她梳洗完,早膳甫一上桌,裴行之便从外头赶了回来,扬声笑道:“本王回来得不晚吧?”
男人的衣袂染上几点污泥,他显然是才从章湄江回来的。
“不晚,”慕汐给他盛了碗鱼汤,温声道,“这鱼是杨夫人今儿一早送来的,我见你这两日很是疲累,便特意让他们炖的鱼汤,你多喝些。”
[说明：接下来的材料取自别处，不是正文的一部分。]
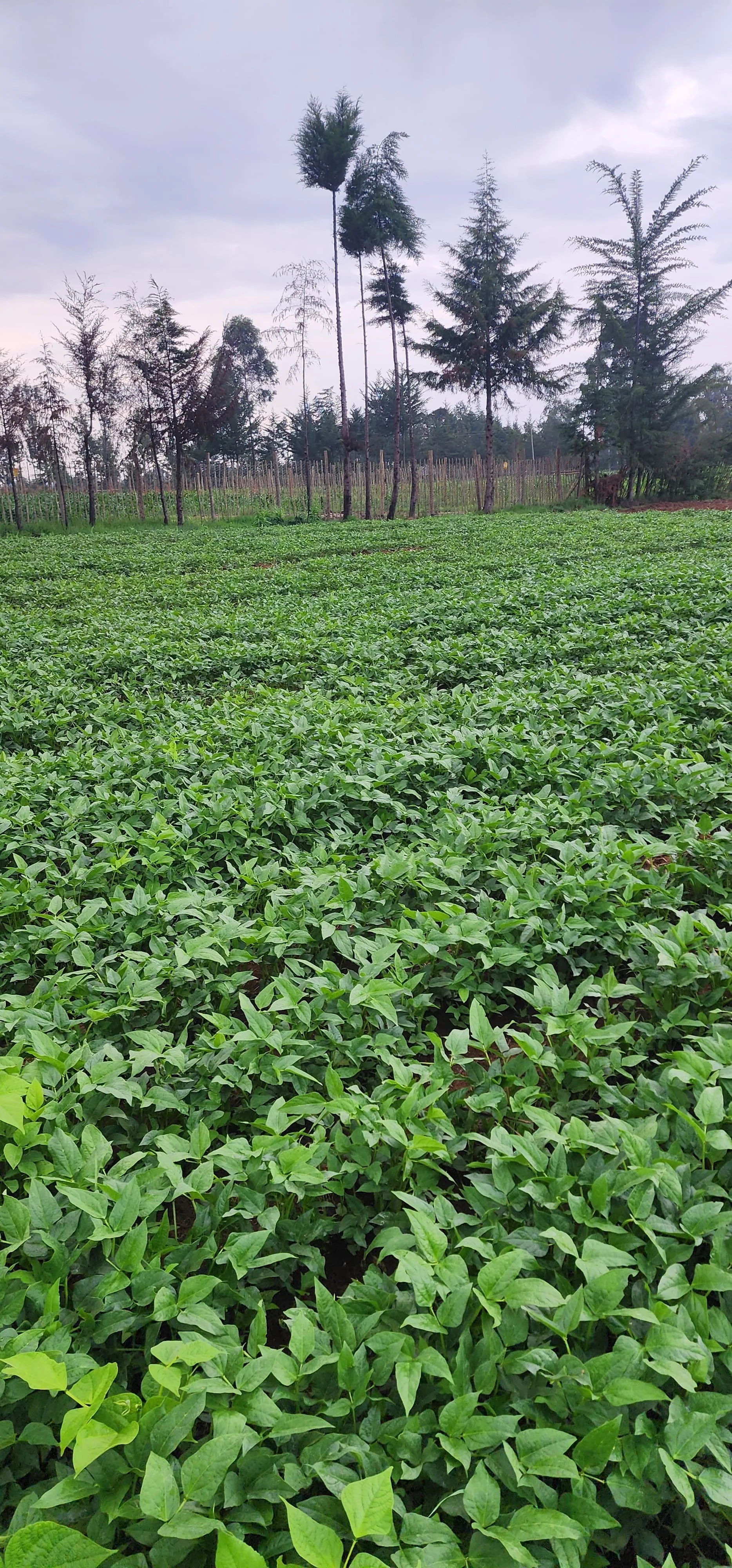Green leafy crops in a farm with tall trees and cloudy sky in the background.

闻得是她特意让人给自己炖的,裴行之心下愉悦,连喝了两碗后,又思及昨儿一事,不觉欣慰道:“难得你会关心本王。”
慕汐抬眸,淡淡瞟了他一眼,重复道:“我说了,你的身家性命可关系着我下半辈子的荣华。”
两人正闲谈间,管砚进来,低声在裴行之耳边回了声。
男人霎时沉了脸,当即起身,朝慕汐道:“那些村民在章湄江下游空地处搭了个台子,要火烧容江,本王得立刻去一趟,你好好用膳。”
慕汐忙放下筷子,起身道:“我也去。”
“你好好在这用膳,去那做什么?”裴行之蹙眉,“那些村民野蛮得紧,若伤了你怎么办?”
慕汐微微挑眉,“有你在,我有何惧?抑或说,你堂堂一个骠骑大将军,还保护不了我一个弱女子?”
虽明知她这是激将法,然裴行之仍不免坠于其中,他轻笑一声,朝她伸出手。
慕汐把手放到他掌心。
男人牵着她上马,一路奔至章湄江下游。